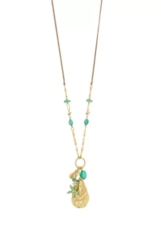 Gold Tone Long Multi Sea Life Charm Pendant Necklace
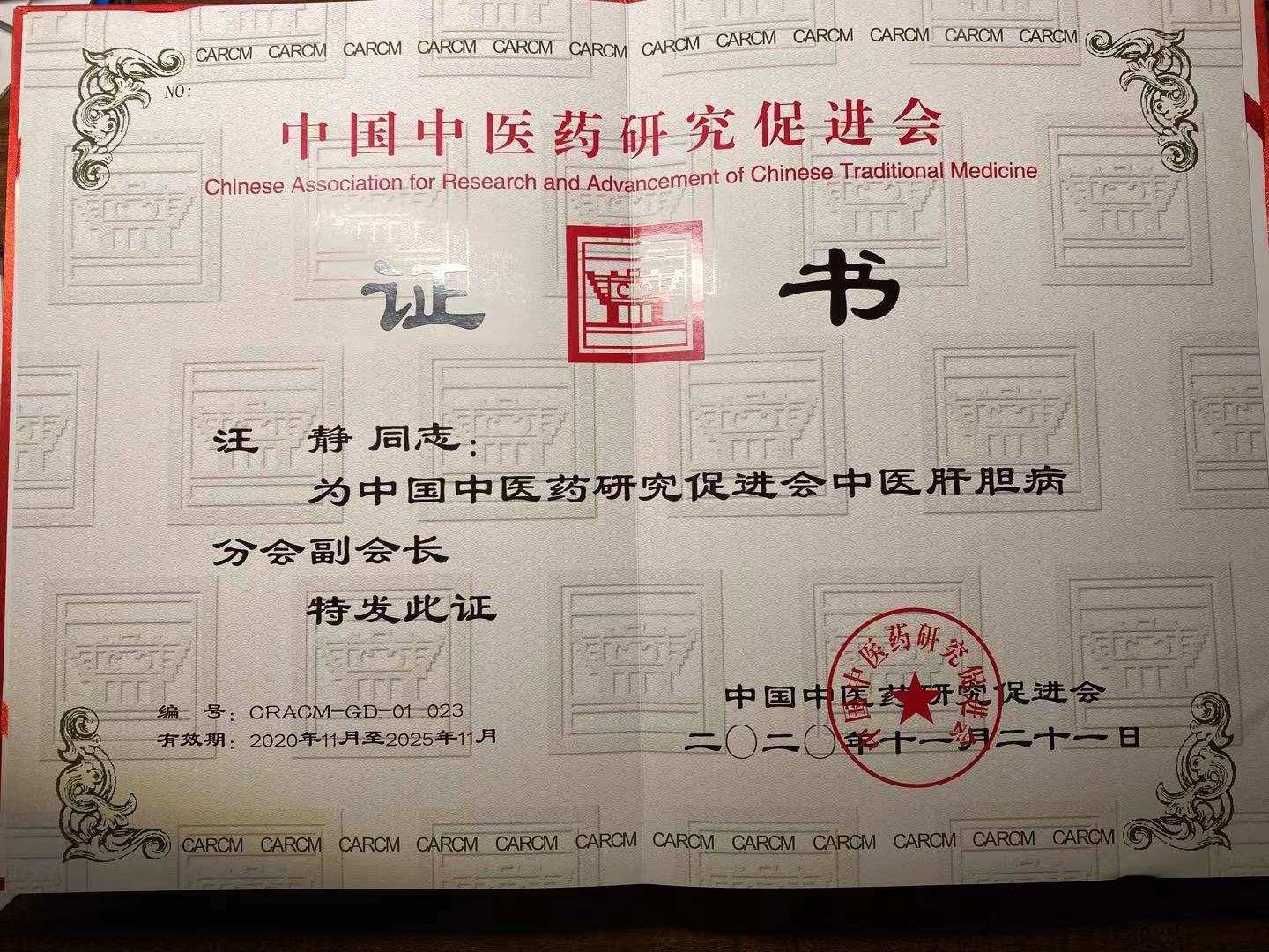 2020年11月20-22日,第一届中医药研究促进会肝胆病分会成立大会在重庆召开。我院大内科副主任兼肝胆病科主任汪静教授应邀作了《川派中医-孙同郊教授防治慢性肝病学术思想传承及创新》专题讲座,并当选为副会长,肝胆病科王晓栋、朱晓宁、刘菊容、李波、王恩成、彭昭宣、郑丁、彭孟云当选为委员。
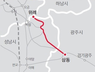 이미지 확대보기위례삼동선은 위례신사선을 성남시 원도심과 성남하이테크밸리를 거쳐 광주시 삼동역까지 10.6km 연장하는 광역철도 사업이다.
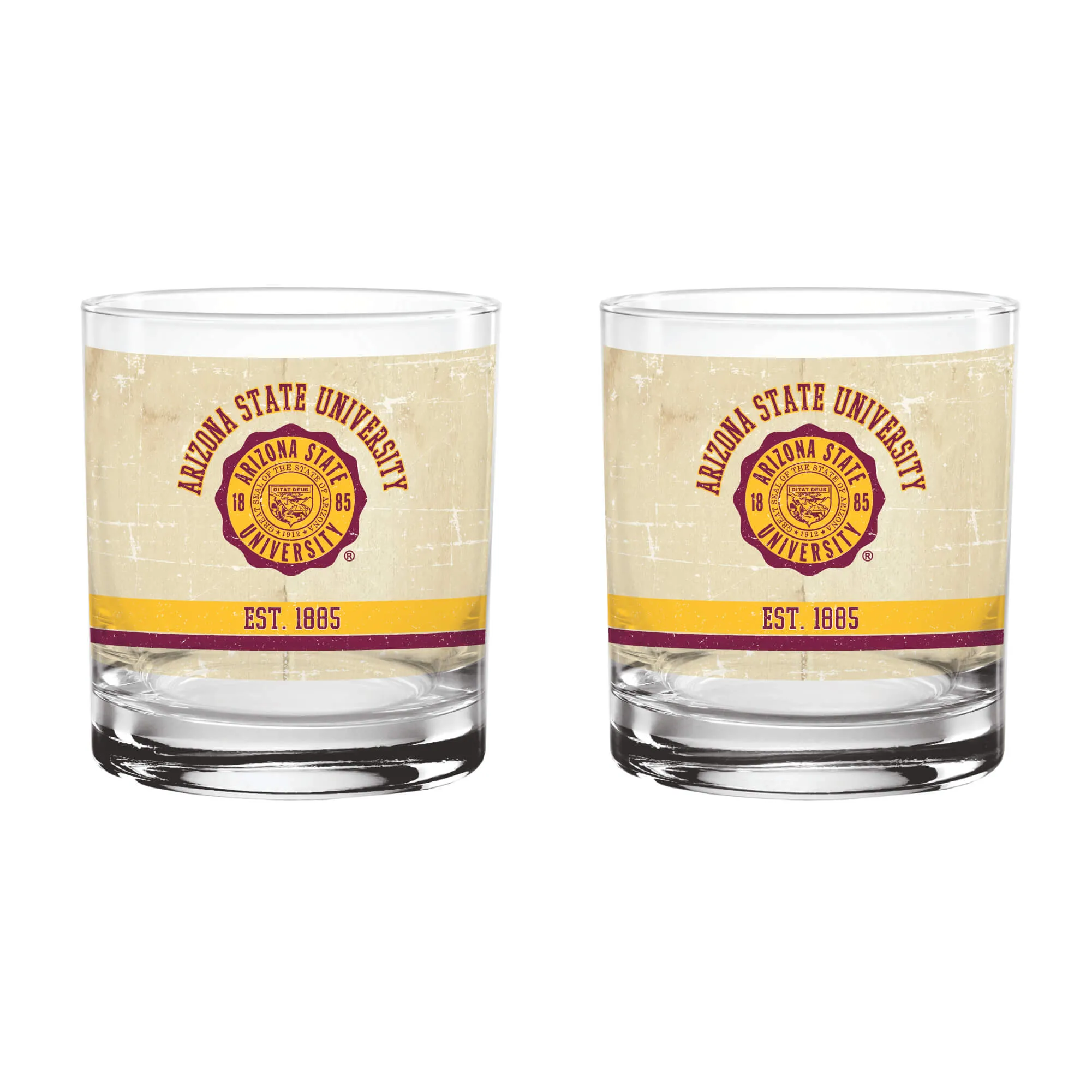 Arizona State Sun Devils Set of 2 College Vault Tan Retro 14oz Rocks Glasses

==*==

• [What is required]
Set the listing down exactly, without its pictures.

• [Answer box]
 Gold Tone Long Multi Sea Life Charm Pendant Necklace
 2020年11月20-22日,第一届中医药研究促进会肝胆病分会成立大会在重庆召开。我院大内科副主任兼肝胆病科主任汪静教授应邀作了《川派中医-孙同郊教授防治慢性肝病学术思想传承及创新》专题讲座,并当选为副会长,肝胆病科王晓栋、朱晓宁、刘菊容、李波、王恩成、彭昭宣、郑丁、彭孟云当选为委员。
 이미지 확대보기위례삼동선은 위례신사선을 성남시 원도심과 성남하이테크밸리를 거쳐 광주시 삼동역까지 10.6km 연장하는 광역철도 사업이다.
 Arizona State Sun Devils Set of 2 College Vault Tan Retro 14oz Rocks Glasses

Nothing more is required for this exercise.